He knows the value of long-term projects

He knows the value of long-term projects
Mr Kelvin Tan (left) helped villagers in Nepal in 2012 to build a system to collect and recycle rainwater to use for cleaning. Last year, he improved the system so that the water was drinkable.

SINGAPORE - Retail associate Kelvin Tan, 22, got his first taste of volunteering overseas when he refurbished a primary school classroom in Vietnam in 2010.

The experience left him with a deep sense of gratitude for the educational facilities he once enjoyed in Singapore and a hunger to do more. "Building classrooms was good, but I wasn't satisfied and knew I could contribute in more significant ways," he said.

The next year, when he headed to Nepal, he not only constructed a classroom but also conducted science lessons and started a rainwater collection system for villagers to recycle water.

Last year, he returned to Nepal to improve the rainwater collection system.

He had found a way to filter and disinfect the collected rainwater so that the villagers could drink it instead of just use it to clean toilets.

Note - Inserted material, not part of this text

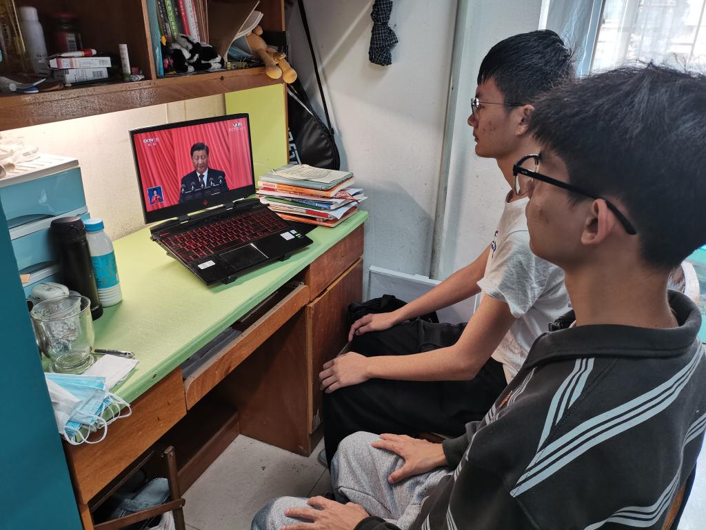 观看大会直播的师生认为,党的十九大以来的5年,以习近平同志为核心的党中央审时度势、守正创新,敢于斗争、善于斗争,团结带领全党全军全国各族人民有效应对严峻复杂的国际形势和接踵而至的巨大风险挑战,以奋发有为的精神把新时代中国特色社会主义不断推向前进,攻克了许多长期没有解决的难题,办成了许多事关长远的大事要事,推动党和国家事业取得举世瞩目的重大成就。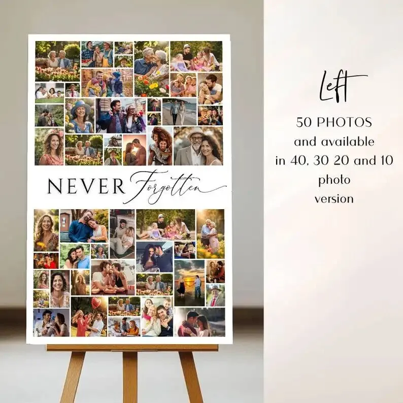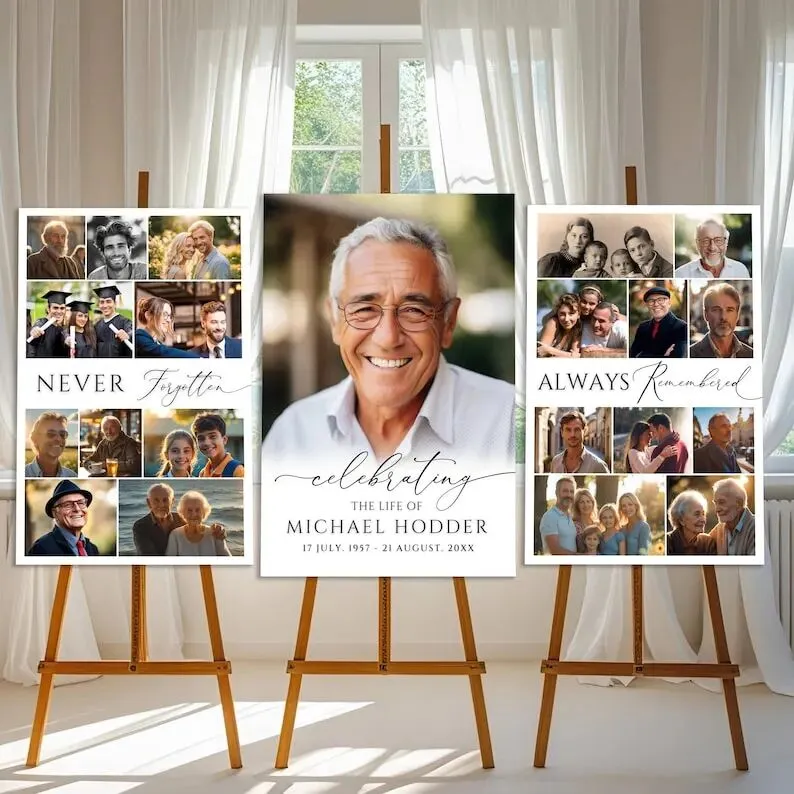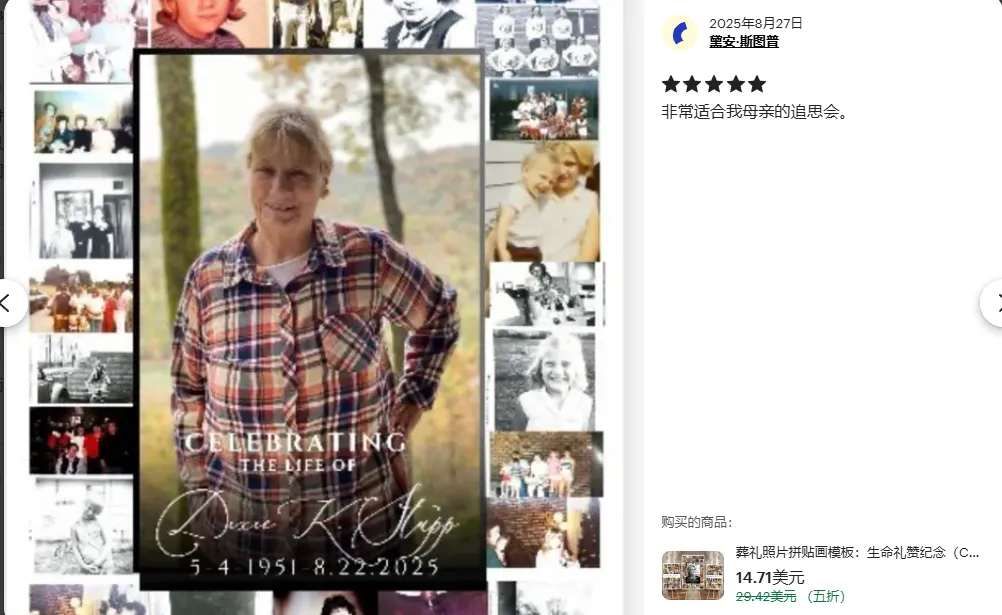 店里的核心爆品的是追悼会照片拼贴模板(折后14.71美元),没有肃穆的黑白色调,反而用柔和的配色、简约的版式,主打“以纪念替代哀悼”,帮用户留存逝者生前的美好瞬间,适配葬礼现场布置、家庭纪念册制作等多个场景。

He said: "It taught me the value of having longer-term community projects that are sustainable for the locals to continue instead of ad-hoc, touch-and-go ones."

For this reason, he is glad he has been nominated for the new Youth Corps Singapore (YCS), which will give young people the opportunity to volunteer for a longer period and with greater impact.

Mr Tan intends to take no-pay leave to join the programme. He said: "I am excited, simply because I have seen myself grow through these experiences and I want to pass it on."